**GOAL OF THE EXERCISE**
Pictures are not part of the copy. Reproduce all the records exactly.

---

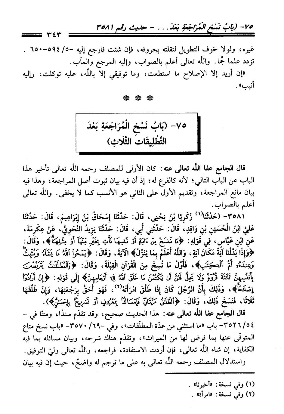 75 - (بَابُ نَسْخِ الْمُرَاجَعَةِ بَعْدَ التَّطْلِيقَات الثَّلاَثِ)
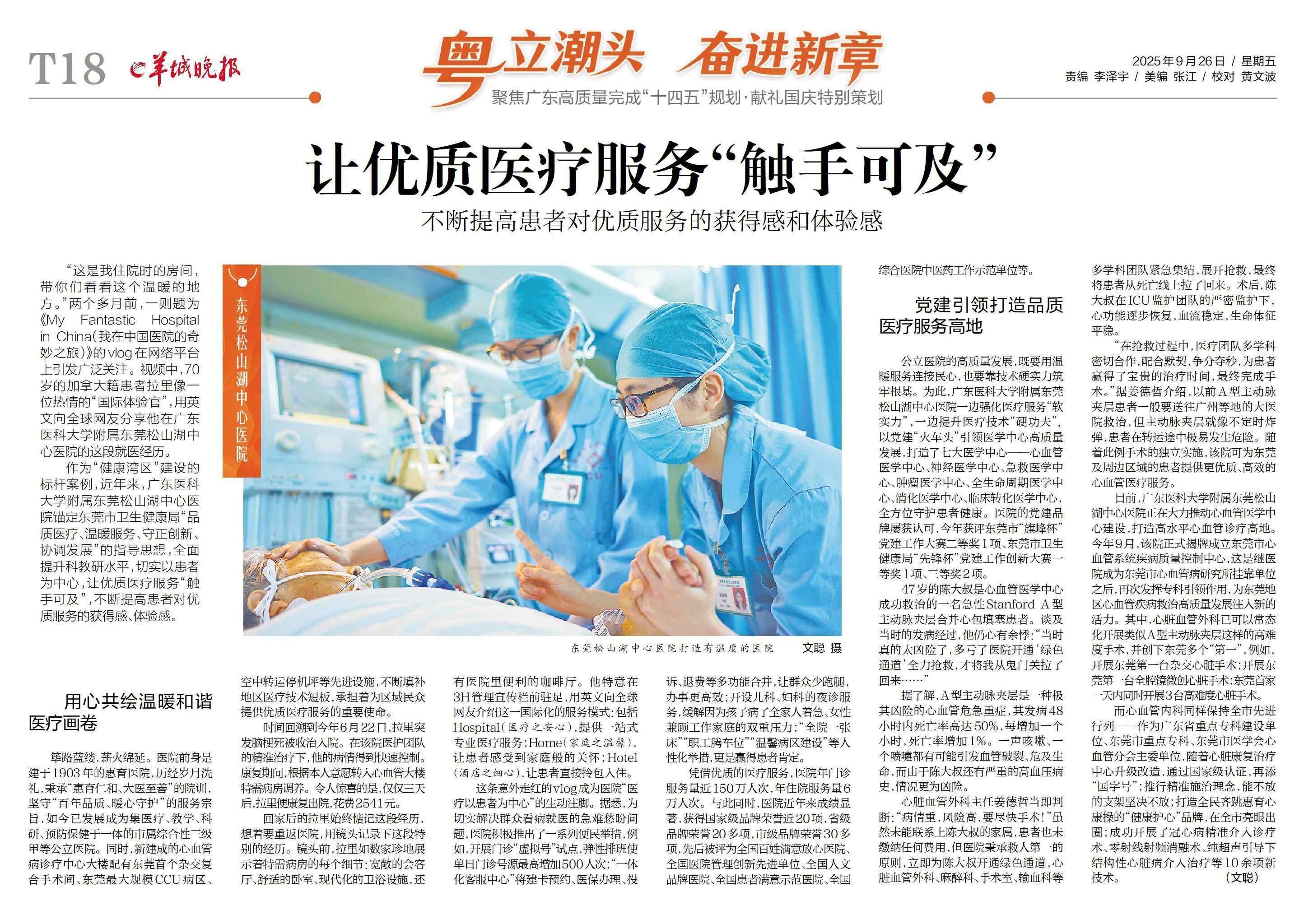 作为“健康湾区”建设的标杆案例,近年来,广东医科大学附属东莞松山湖中心医院锚定东莞市卫生健康局“品质医疗、温暖服务、守正创新、协调发展”的指导思想,全面提升科教研水平,切实以患者为中心,让优质医疗服务“触手可及”,不断提高患者对优质服务的获得感、体验感。
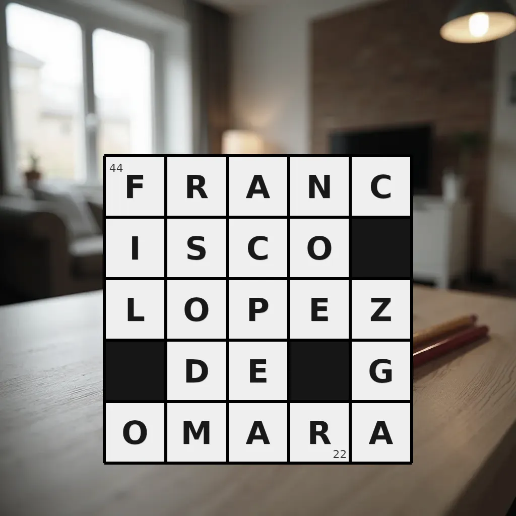 Słowo „francisco lopez de gomara” ma 22 znaki (bez spacji i łączników).
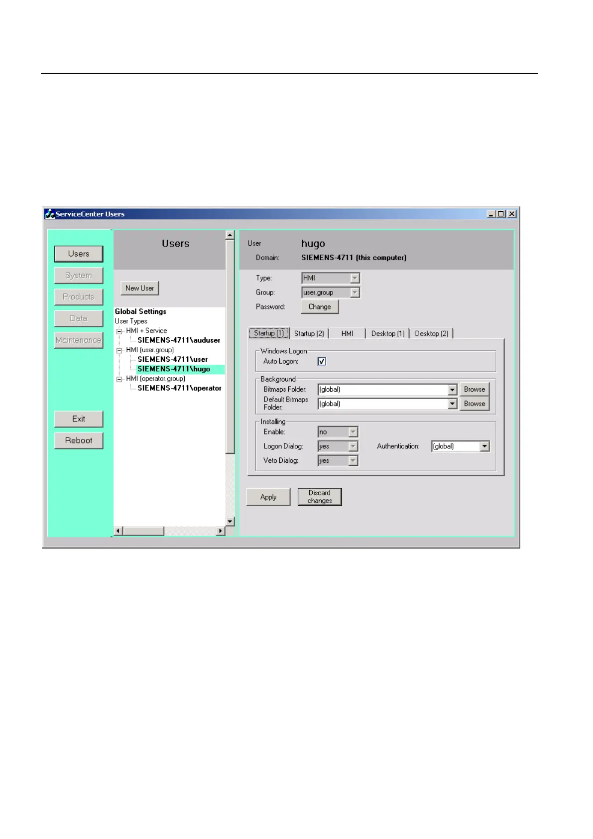 Figure 1-8 Specific settings for the "HMI (user.group)" user
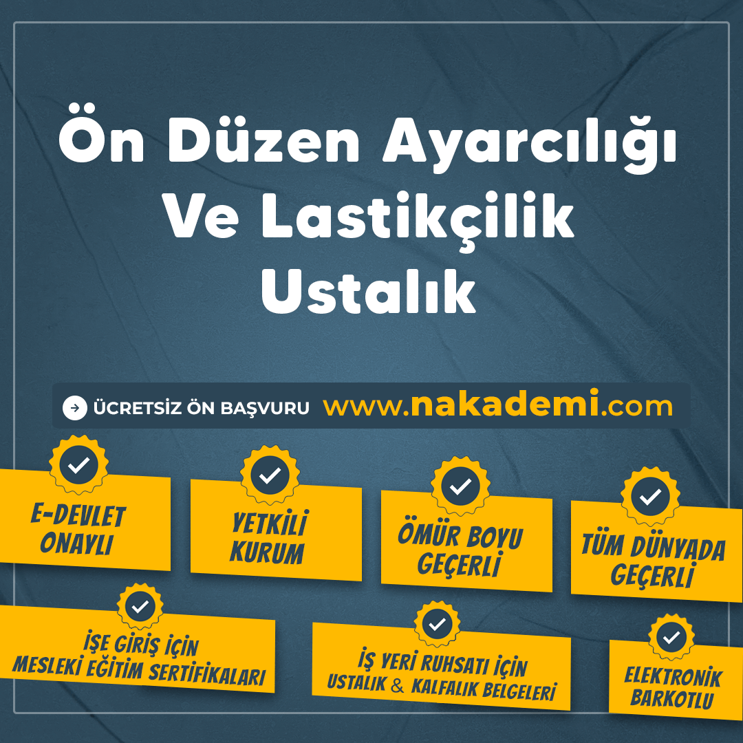 Ön Düzen Ayarcılığı Ve Lastikçilik Ustalık için E-Devlet onaylı, Ömür Boyu Tüm Dünyada Geçerli İşe Giriş İçin Mesleki Eğitim Sertifikası ya da İş Yeri Ruhsatı için Ustalık Kalfalık Belgesi alabilirsiniz. Ön Düzen Ayarcılığı Ve Lastikçilik Ustalık için ücretsiz ön başvuru ve meslek uzmanı tarafından ücretsiz destek fırsatını kaçırmayın.
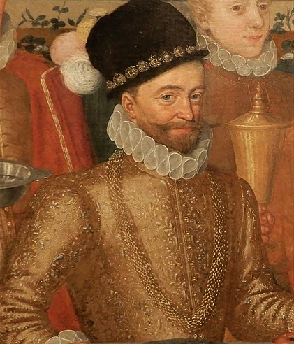 Čeština: Anthoni Beysː Jakub Hannibal I. zHohenemsu, jeho manželka Hortensie Borromeo, se služebníky (střed skupinového portrétu), datováno 1577; Městské muzeum a galerie Polička
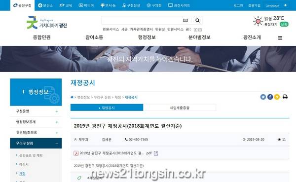 광진구가 지방재정의 책임성과 투명성 확보를 위해 2018회계연도 재정운영 결과를 지난달 20일 구 홈페이지에 공개했다.
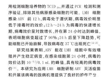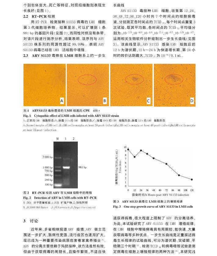 結(jié)果顯示,ARV S1133毒株能夠在LMH細(xì)胞中很好地增殖,并出現(xiàn)典型的CPE。一步生長曲線結(jié)果顯示,S1133感染LMH細(xì)胞后的前12 h為潛伏期,12 h^24 h為快速增長期,第24小時(shí)的效價(jià)達(dá)到最大,TCID50為10-9.2/0.1 m L。本研究為進(jìn)一步研究ARV的致病機(jī)理和研制細(xì)胞滅活疫苗提供了良好的操作平臺。
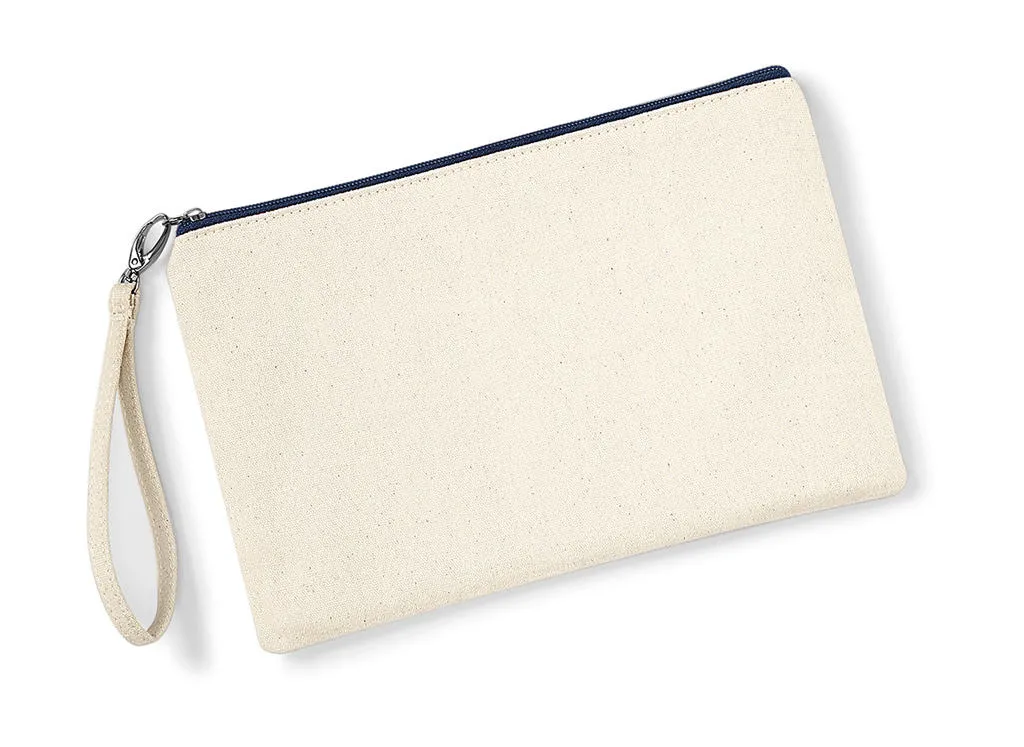 ·407 g/m² ·100% Cotton (Brushed Canvas) ·Premium heavyweight fabric ·Zip in contrast colour ·Detachable wristlet strap (Handle length: 15 cm) ·Capacity: 1 Litres ·Dimensions: 26 x 17 cm ·Max. embroidery: 12 tubular hoop ·Max. print area: 21 x 13 cm.
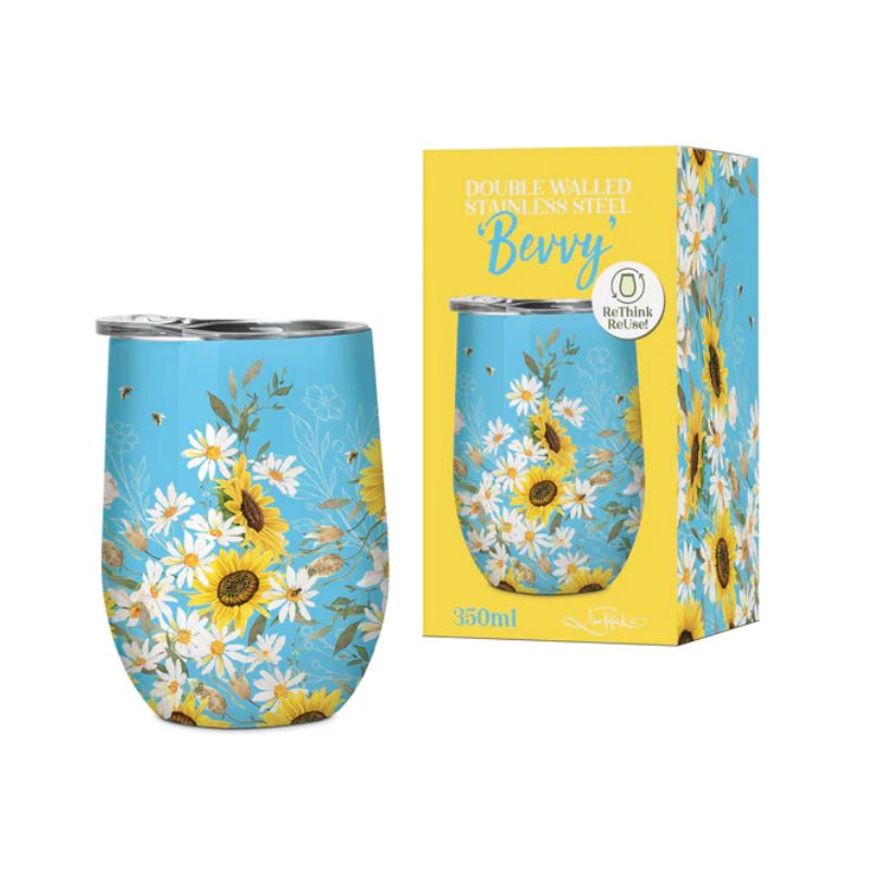 Shipping 1 x Bevvy Double Wall Tumbler Mug 350ml Wildflower Rainbow
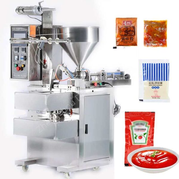This Ketchup Packing Machine Shampoo Chocolate Chili Paste Sachet is Designed for fully automatic packaging of a wide range of liquid and paste products, such as shampoo, face creams, ketchup, , honey, chili oil, skin toners, oral liquids,Tomato paste,stick Chocolate paste, Chili paste,Dates Paste and more.
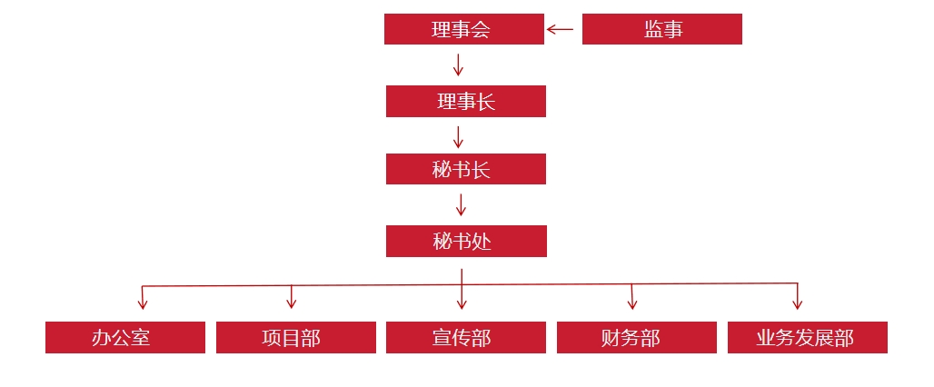 基金会的组织机构由理事会、监事组成。理事会承担决策职能,通过由理事长召集并主持的定期理事会会议,对基金会战略规划、年度计划、预算等重大事项进行审议和审批。理事会下设立一处一室四部门,分别是秘书处、办公室、项目部、宣传部、财务部和业务发展部。秘书处负责人为秘书长,全面负责基金会所有日常运营管理工作。组织机构设置如下:

---

**WORKED SOLUTION**
 75 - (بَابُ نَسْخِ الْمُرَاجَعَةِ بَعْدَ التَّطْلِيقَات الثَّلاَثِ)
 作为“健康湾区”建设的标杆案例,近年来,广东医科大学附属东莞松山湖中心医院锚定东莞市卫生健康局“品质医疗、温暖服务、守正创新、协调发展”的指导思想,全面提升科教研水平,切实以患者为中心,让优质医疗服务“触手可及”,不断提高患者对优质服务的获得感、体验感。
 Słowo „francisco lopez de gomara” ma 22 znaki (bez spacji i łączników).
 Figure 1-8 Specific settings for the "HMI (user.group)" user
 Ön Düzen Ayarcılığı Ve Lastikçilik Ustalık için E-Devlet onaylı, Ömür Boyu Tüm Dünyada Geçerli İşe Giriş İçin Mesleki Eğitim Sertifikası ya da İş Yeri Ruhsatı için Ustalık Kalfalık Belgesi alabilirsiniz. Ön Düzen Ayarcılığı Ve Lastikçilik Ustalık için ücretsiz ön başvuru ve meslek uzmanı tarafından ücretsiz destek fırsatını kaçırmayın.
 Čeština: Anthoni Beysː Jakub Hannibal I. zHohenemsu, jeho manželka Hortensie Borromeo, se služebníky (střed skupinového portrétu), datováno 1577; Městské muzeum a galerie Polička
 광진구가 지방재정의 책임성과 투명성 확보를 위해 2018회계연도 재정운영 결과를 지난달 20일 구 홈페이지에 공개했다.
 結(jié)果顯示,ARV S1133毒株能夠在LMH細(xì)胞中很好地增殖,并出現(xiàn)典型的CPE。一步生長曲線結(jié)果顯示,S1133感染LMH細(xì)胞后的前12 h為潛伏期,12 h^24 h為快速增長期,第24小時(shí)的效價(jià)達(dá)到最大,TCID50為10-9.2/0.1 m L。本研究為進(jìn)一步研究ARV的致病機(jī)理和研制細(xì)胞滅活疫苗提供了良好的操作平臺。
 ·407 g/m² ·100% Cotton (Brushed Canvas) ·Premium heavyweight fabric ·Zip in contrast colour ·Detachable wristlet strap (Handle length: 15 cm) ·Capacity: 1 Litres ·Dimensions: 26 x 17 cm ·Max. embroidery: 12 tubular hoop ·Max. print area: 21 x 13 cm.
 Shipping 1 x Bevvy Double Wall Tumbler Mug 350ml Wildflower Rainbow
This Ketchup Packing Machine Shampoo Chocolate Chili Paste Sachet is Designed for fully automatic packaging of a wide range of liquid and paste products, such as shampoo, face creams, ketchup, , honey, chili oil, skin toners, oral liquids,Tomato paste,stick Chocolate paste, Chili paste,Dates Paste and more.
 基金会的组织机构由理事会、监事组成。理事会承担决策职能,通过由理事长召集并主持的定期理事会会议,对基金会战略规划、年度计划、预算等重大事项进行审议和审批。理事会下设立一处一室四部门,分别是秘书处、办公室、项目部、宣传部、财务部和业务发展部。秘书处负责人为秘书长,全面负责基金会所有日常运营管理工作。组织机构设置如下:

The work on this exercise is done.